| 要旨トップ | 本企画の概要 | | 日本生態学会第67回全国大会 (2020年3月、名古屋) 講演要旨 ESJ67 Abstract |
シンポジウム S29-3 (Presentation in Symposium)
博物館の収蔵標本のうち、動物の標本のほとんどは乾燥標本またはホルマリンやエタノール中での液浸標本として保管されている。これら収蔵標本の大部分はDNA解析を行う前提ではない研究や調査などで収集・保管されたものであり、近年までは動物の収蔵標本をDNA解析の対象にした例は多くない。いくつかの先行研究では数百bpのDNA解析が行われていたが、一般に数十年前の博物館収蔵標本ではDNA解析は難しいとされてきた。さらに、これまでの多くの研究ではDNAの劣化の指標としてPCRが使われていたため、実際の標本DNAの状態はあまり良くわかっていなかった。そこで様々な標本DNAから複数の方法を用いてDNAを抽出し、標本DNAの状態を明らかにするとともに標本DNAの有効性の評価を試みた。
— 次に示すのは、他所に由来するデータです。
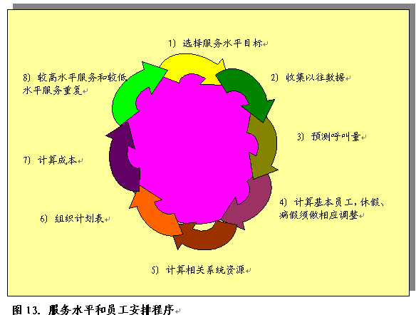 要準(zhǔn)確預(yù)測(cè)員工需求量,至少需要四個(gè)月的相關(guān)數(shù)據(jù)。這些數(shù)據(jù)將收錄在自動(dòng)工作表制訂工具中。圖13舉例說明了呼叫中心可采取的此類步驟。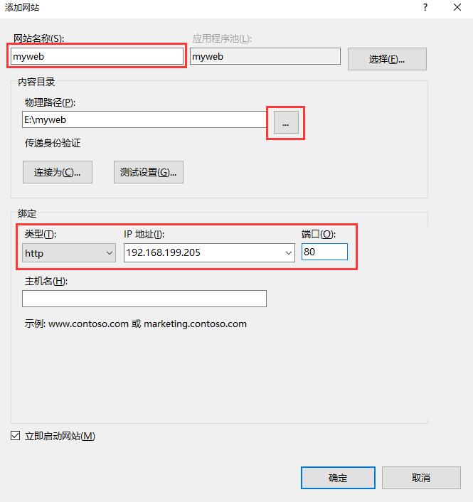 2. 給網(wǎng)站起個名字,比如myweb,選擇物理路徑(你需要存放資源的文件夾),綁定類型默認為http,在IP地址欄點擊下拉框后,系統(tǒng)會給出一個IP地址,選擇即可(每個人IP都不一樣,我的由于是本機,所以IP地址為局域網(wǎng)192段),http端口默認80,主機名就是域名,比如www.abc.com,如有則填上,否則不填,最后點確定。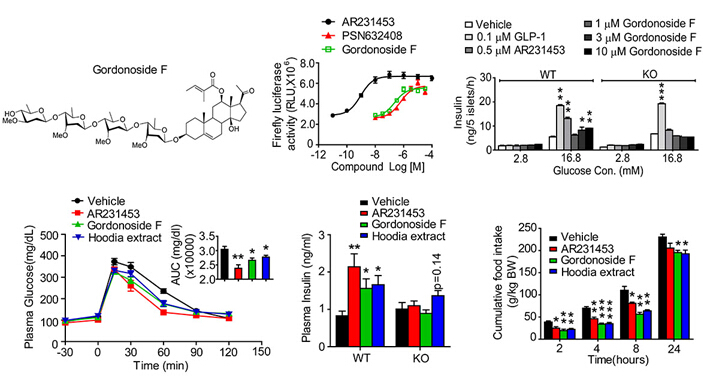 谢欣课题组研究生张书永等通过大量化合物筛选发现蝴蝶亚的孕甾糖苷化合物Gordonoside F,而不是原先报道的P57,可以特异性激活与代谢密切相关的G蛋白偶联受体GPR119。实验发现,该化合物通过激活GPR119刺激胰高血糖素样肽-1(GLP-1)和胰岛素的分泌,并抑制小鼠食欲。在GPR119敲除小鼠中,其药效消失。有意思的是,蝴蝶亚的粗提物也是部分通过激活GPR119来抑制食欲,这一结果解释了蝴蝶亚的药效机理。这类新型GPR119激动剂的发现为抗肥胖药物的开发奠定了良好基础。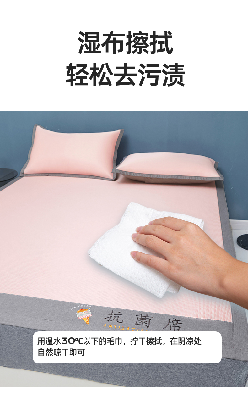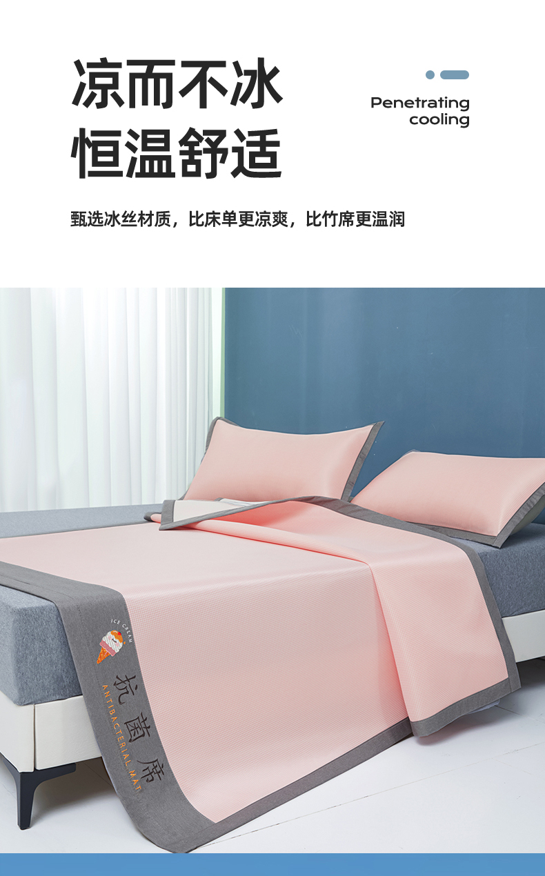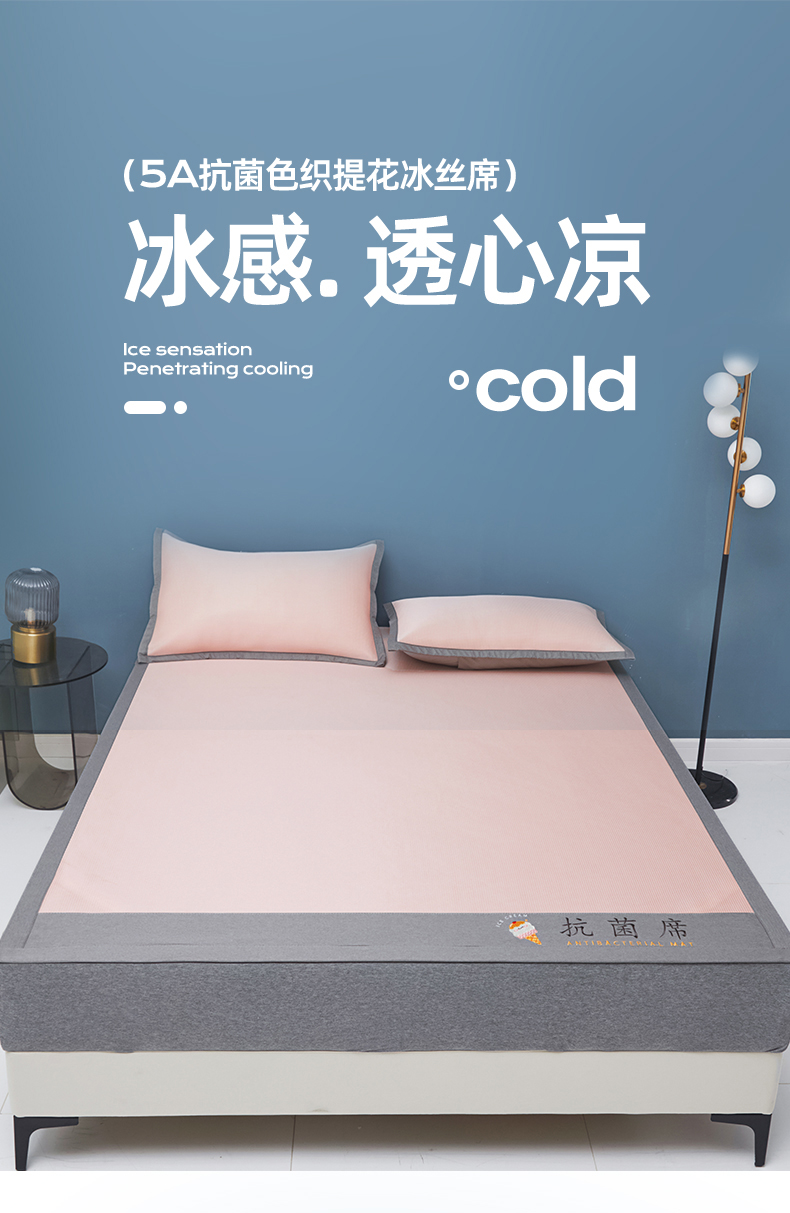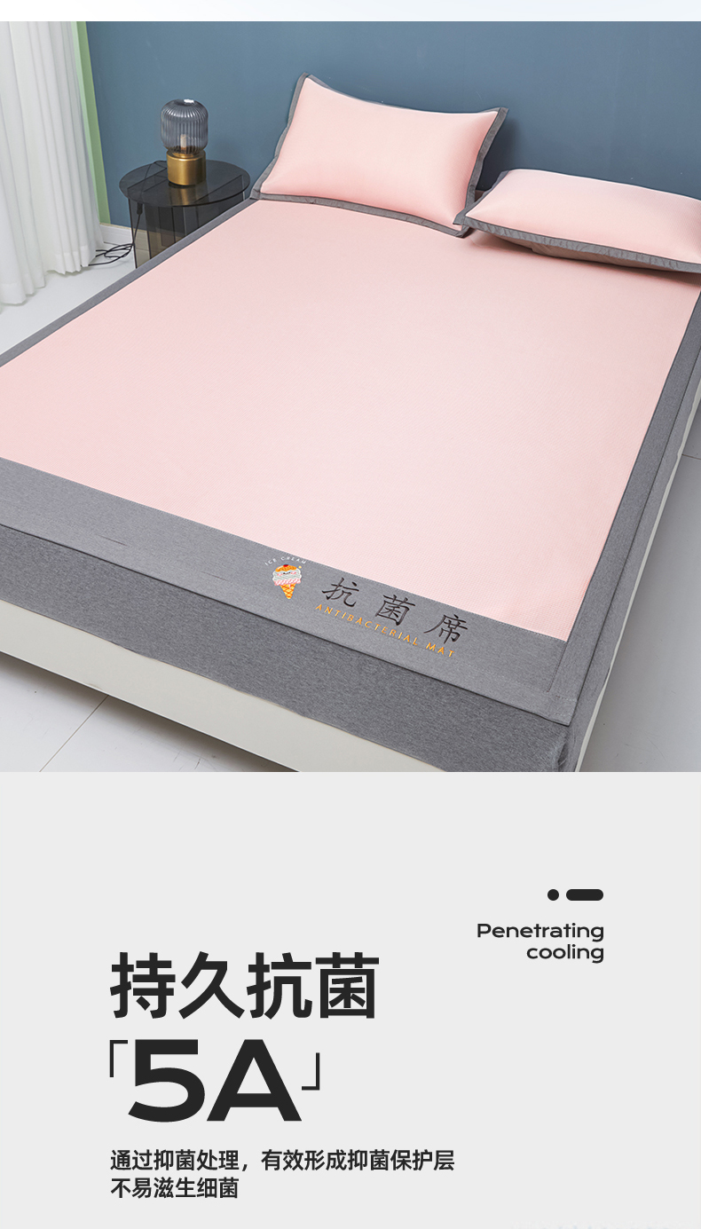 商品名称:色鬼布艺高端家居主号 2026新款抗菌冰激凌色织提花床单款床席冰丝席席子凉席 冰激凌-烟粉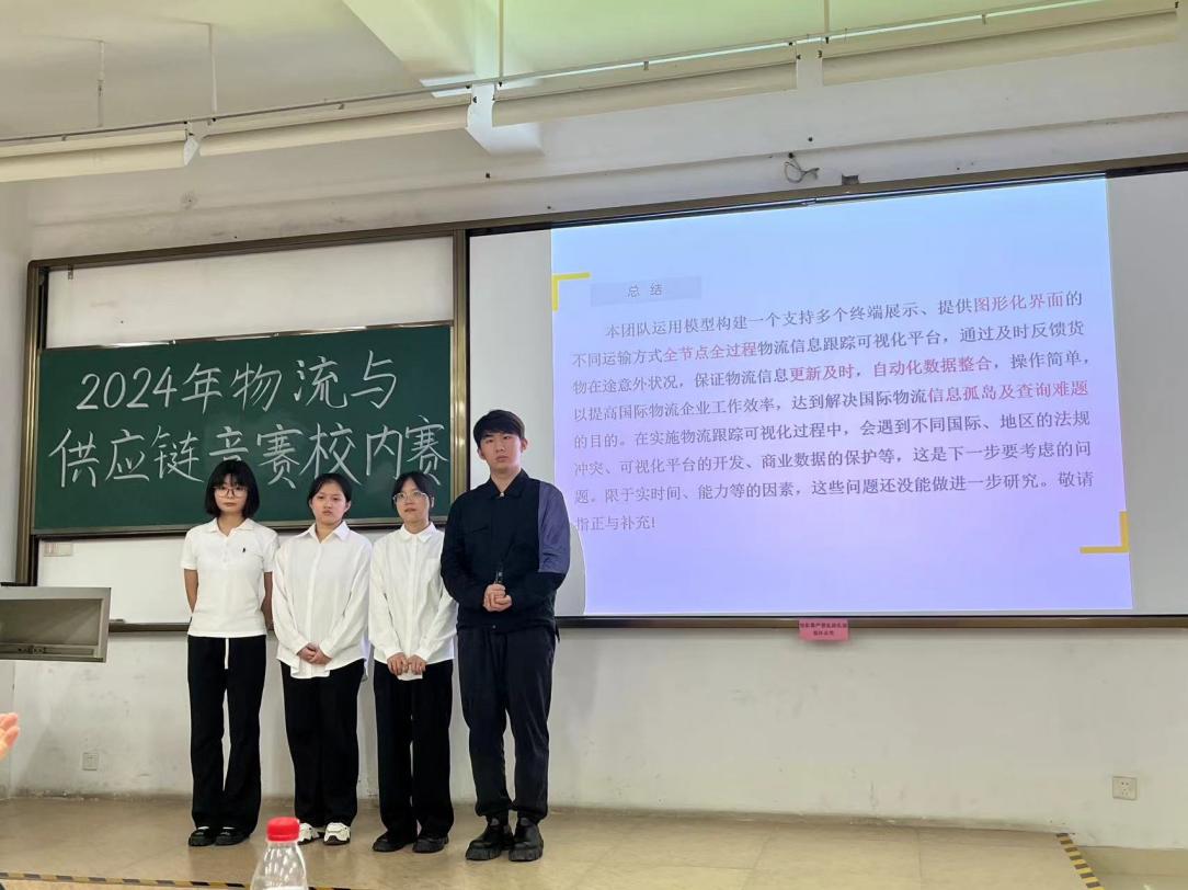黎佩铃在2024年全国高校物流与供应链竞赛校内选拔赛进行团队展示(右二)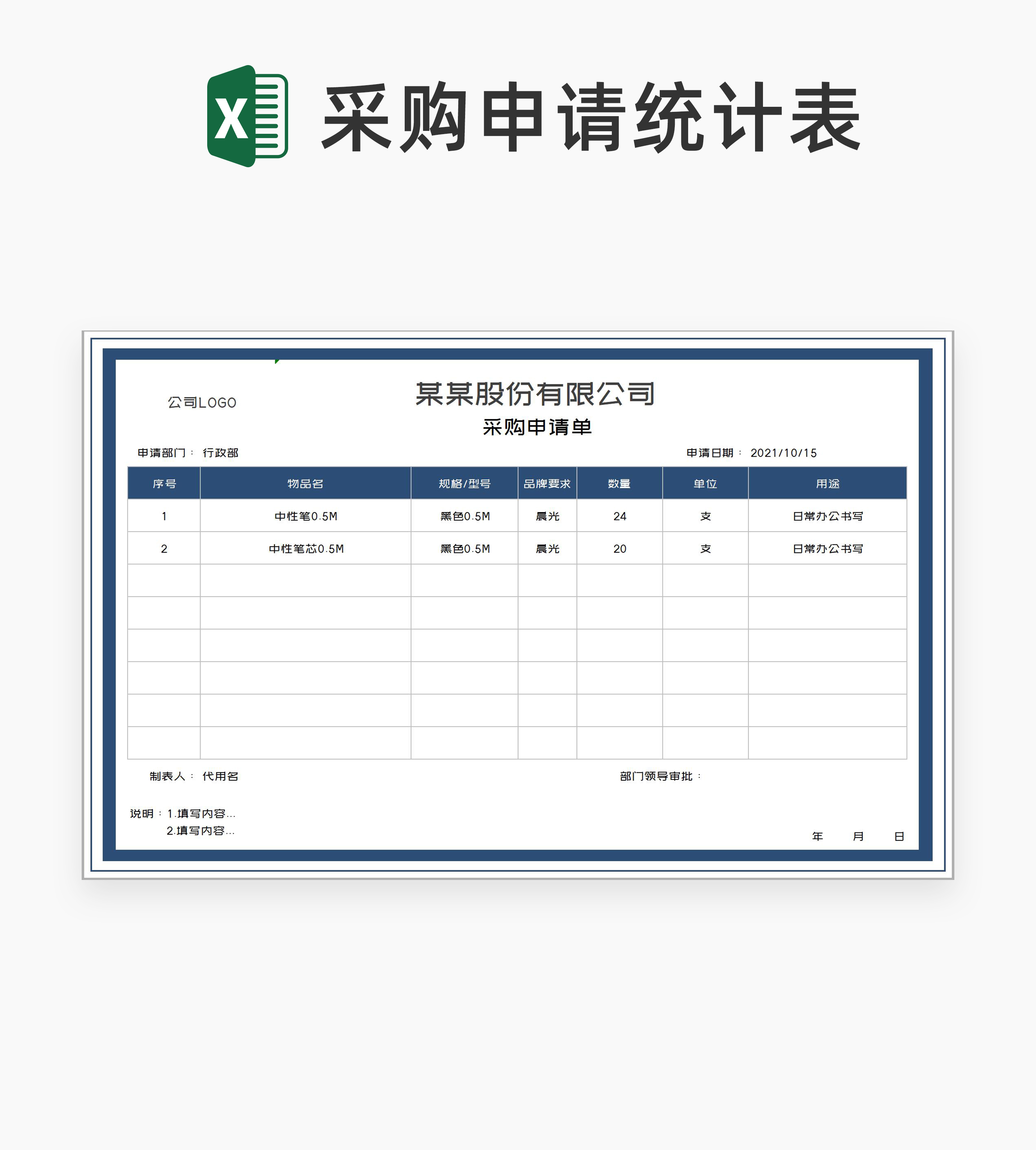 公司用品采购申请统计表Excel模板

まず電気泳動によって様々な年代の標本のDNAの状態を計測したところ、年代が経つにつれDNA断片長が短くなりDNA量も大きく減少していることが明らかになった。また、様々な温度で昆虫の乾燥標本を保管したところ、高温下では急速にDNAの断片化が進むことが明らかになった。ホルマリン固定エタノール液浸標本ではクロスリンクを除去する処理方法によってDNAの収量に大きな差が出ることが明らかになった。一方で、超並列型のシーケンサーの普及によって世界的に標本DNAの解析は大きく進展しており、近年では様々な生物で標本DNAの解析が行われている。そこで様々な標本DNAをもとにライブラリを作成しミトコンドリアゲノムの解読を試みた。その結果、古い標本では見かけ上DNAが取れていてもカビや常在菌などのコンタミの比率が非常に大きい場合があった。本講演ではこれらについて紹介するとともに、標本DNAの解析で得られた系統解析の結果についても紹介し標本DNAの有効性と問題点について考察する。